Is there one START_KERNEL_map segment for each vcpu? Are their FileSiz/MemSiz
values all the same?
Thanks for pointing this problem. I update the qemu side's patch:
The guest is in first kernel(vcpu: 4):
# readelf /tmp/vm2.save -l| grep 0xffffffff8
LOAD 0x000000000100f360 0xffffffff81000000 0x0000000001000000
The guest is in the second kernel(vcpu: 4)
# readelf /tmp/vm2.save2 -l| grep 0xffffffff8
LOAD 0x000000000100eb10 0xffffffff81000000 0x0000000001000000
LOAD 0x000000000400eb10 0xffffffff81000000 0x0000000004000000
The guest is in the second kernel(vcpu: 1)
[root@ghost ~]# readelf /tmp/vm2.save3 -l| grep 0xffffffff8
LOAD 0x0000000004001cfc 0xffffffff81000000 0x0000000004000000
> The guest is in the second kernel(vcpu > 1)

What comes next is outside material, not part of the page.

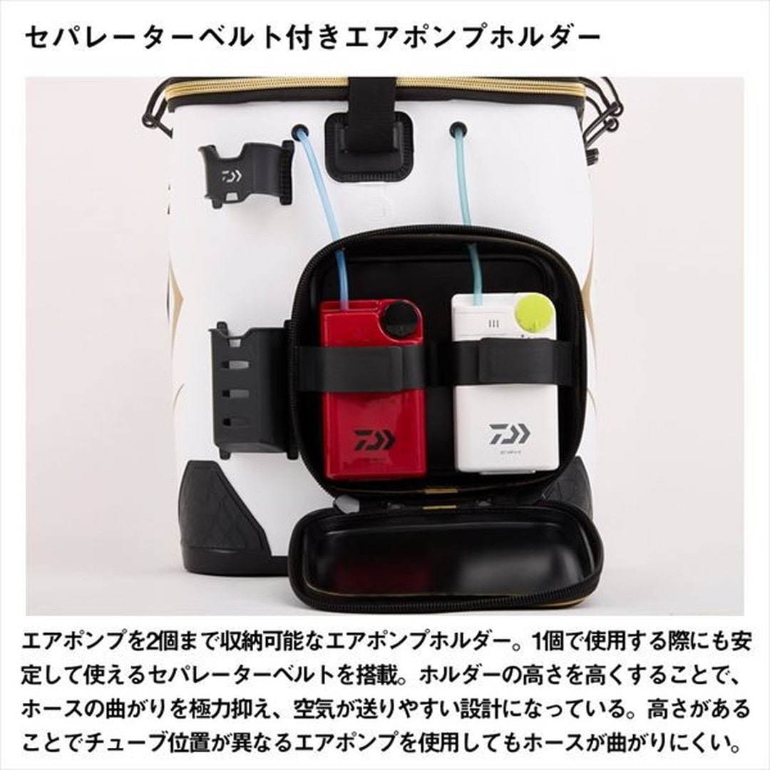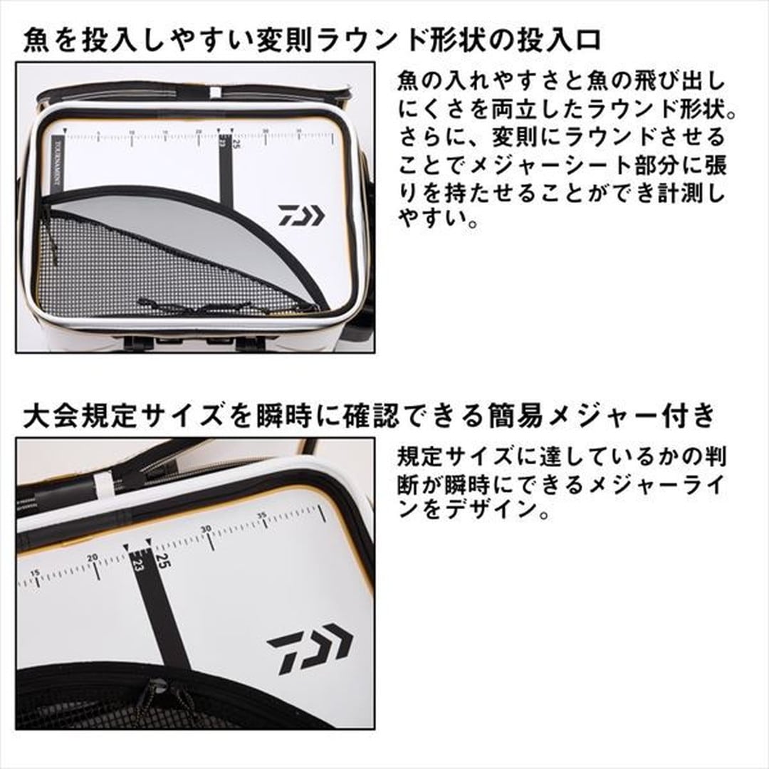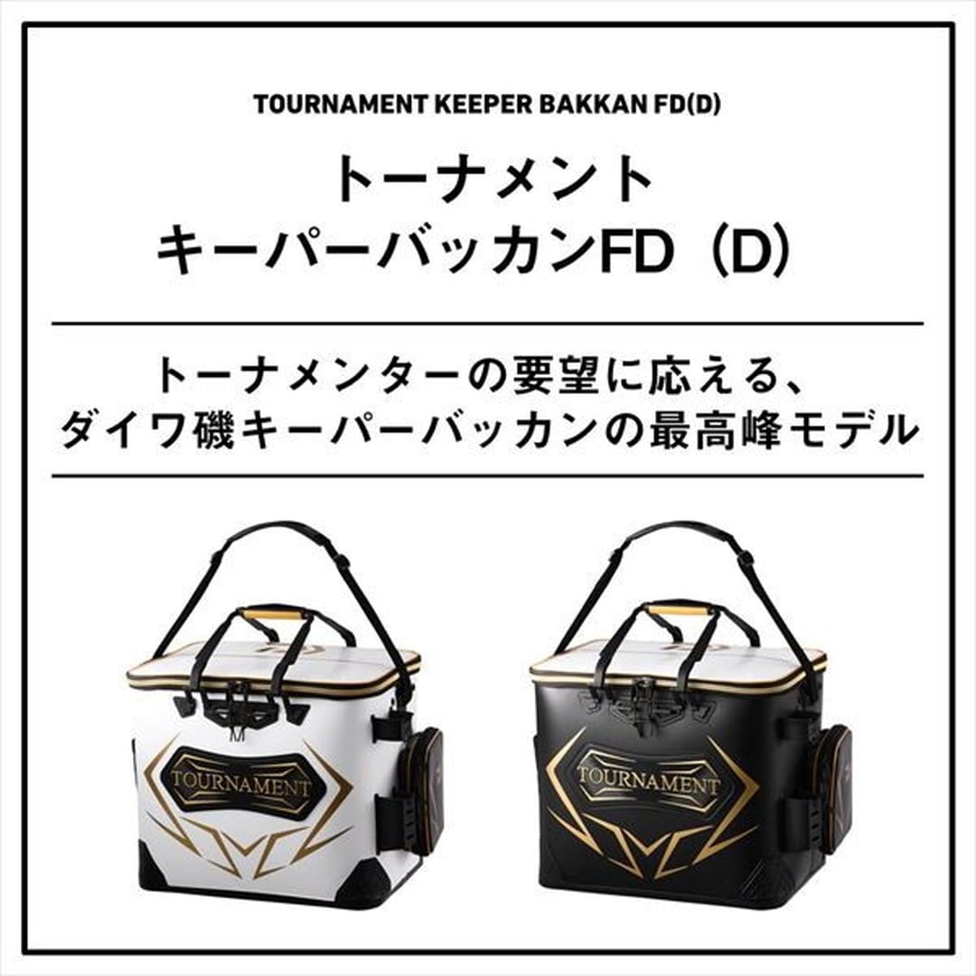トーナメンターの要望に応える、ダイワ磯キーパーバッカンの最高峰モデル!魚を投入しやすい変則ラウンド形状の投入口。大会規定サイズを瞬時に確認できる簡易メジャー付き。空気が送りやすく魚をより長く活かせるエアポンプホルダー。チームシールや名前シールが貼りやすくはがれにくい特殊表面加工のネームスペース。その他細部までこだわった機能が満載のトーナメントキーパーバッカンFD(D)。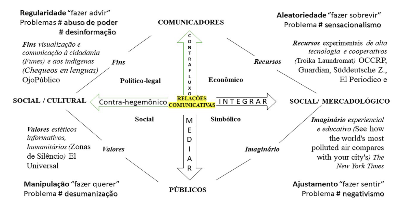 OCCRP, Guardian, Süddeutsche Zeitung, Newstapa, El Periodico, Global Witness e outros 17 parceiros foram os vencedores na categoria melhor reportagem do Sigma Awards 2020 com o projeto noticioso “A Troika lavanderia de capitais” (OCCRP et al., 2020). Quanto às possíveis relações comunicacionais que se estabelecem, os indivíduos Paul Radu, Sarunas Cerniauskas, Olesya Shmagun, Dmitry Velikovsky, Alesya Marohovskaya, Jason Shea, Jonny Wrate, Atanas Tchobanov, Ani Hovhannisyan, Irina Dolinina, Roman Shleynov, Alisa Kustikova, Edik Baghdasaryan e Vlad Lavrov, que compõem o coletivo de atores sociais “Comunicadores” do Organized Crime and Corruption Reporting Project (OCCRP), The Guardian, Süddeutsche Zeitung, Newstapa, El Periodico, Global Witness e outros 17 parceiros, mantêm uma relação cidadã com indivíduos que compõem o coletivo de atores sociais “Públicos”, e divulgam o projeto noticioso Troika Laundromat com viés investigativo a partir de recursos de visualização e comunicação, alta tecnologia e informativo sobre a corrupção na Rússia e suas práticas de lavagem de dinheiro na Europa. Isso é colocado à disposição dos cidadãos em uma determinada sociedade (europeia), uma vez que, embora sejam proibidos de divulgar na Rússia, os “Comunicadores” têm amparo legal, fruto de relação que mantêm com os governos europeus e de outros países, que os autorizam a desencadear uma relação mediada de comunicação visando a atingir os “Públicos” para divulgar notícias e alertas sobre a corrupção na Rússia e suas conexões de lavagem de dinheiro na Europa. Com o projeto, procuram, da perspectiva “Social/Cultural”, que os “Públicos” venham a “fazer sobrevir” sanções contra o sistema de lavagem de dinheiro da corrupção da Rússia com a cumplicidade de bancos europeus. Isso se constitui iniciativa contra-hegemônica, sem propósito comercial, o que foi proposto pelos indivíduos que compõem o coletivo de atores sociais comunicadores do “Mercadológico institucional” das instituições que compõem o coletivo investigativo coordenado pelo projeto OCCRP com muitas parcerias. Apesar de ser um projeto com viés sensacionalista, que foi premiado como “melhor reportagem do Sigma Awards 2020”, no entanto não se evidencia intenção mercadológica. O projeto constitui-se uma forma de atuação cidadã, de forma a virem os internautas a se tornar conscientes ou conscientizados sobre os possíveis riscos de o sistema bancário europeu se tornar uma imensa lavanderia de dinheiro da corrupção russa, sem que, no entanto, venham a integrar o “Mercadológico”, prevalecendo cidadania no “Social/Cultural”. Analisando os interesses, trata-se de prática contra-hegemônica de produção de discursos cuja hegemonia encontra-se do lado dos interesses coletivos, com o propósito de informar o “Público” sobre a corrupção russa e a lavagem de dinheiro pelos bancos europeus. O projeto está relacionado de forma predominante ao “regime de interação de risco” (Landowski, 2014, p. 80), baseado na aleatoriedade e no risco de possível “descontinuidade” de relações interativas voltadas à lavagem de dinheiro da corrupção, o que está relacionado ao “risco” de as interações ilegais dos corruptos e de suas conexões para lavagem de dinheiro serem descobertas, o que constitui um problema relacional entre as sociedades russa e europeia. É algo que exige ações cidadãs para denunciar e conter as relações comunicacionais desviantes e que envolve riscos de descoberta do fluxo de lavagem do dinheiro da corrupção russa.

> ]# readelf /tmp/vm2.save2 -l| grep 0xffffffff8
> LOAD 0x0000000001017be0 0xffffffff81000000 0x0000000001000000
> LOAD 0x0000000001017be0 0xffffffff81000000 0x0000000001000000
> LOAD 0x0000000001017be0 0xffffffff81000000 0x0000000001000000
> LOAD 0x0000000004017be0 0xffffffff81000000 0x0000000004000000
Again, it's not clear why there are multiple segments with the same
same virtual address, but I'm guessing that the one segment that starts
at 0x0000000004000000 is associated with the second kernel, and the other
ones are for vcpus that ran in the first kernel?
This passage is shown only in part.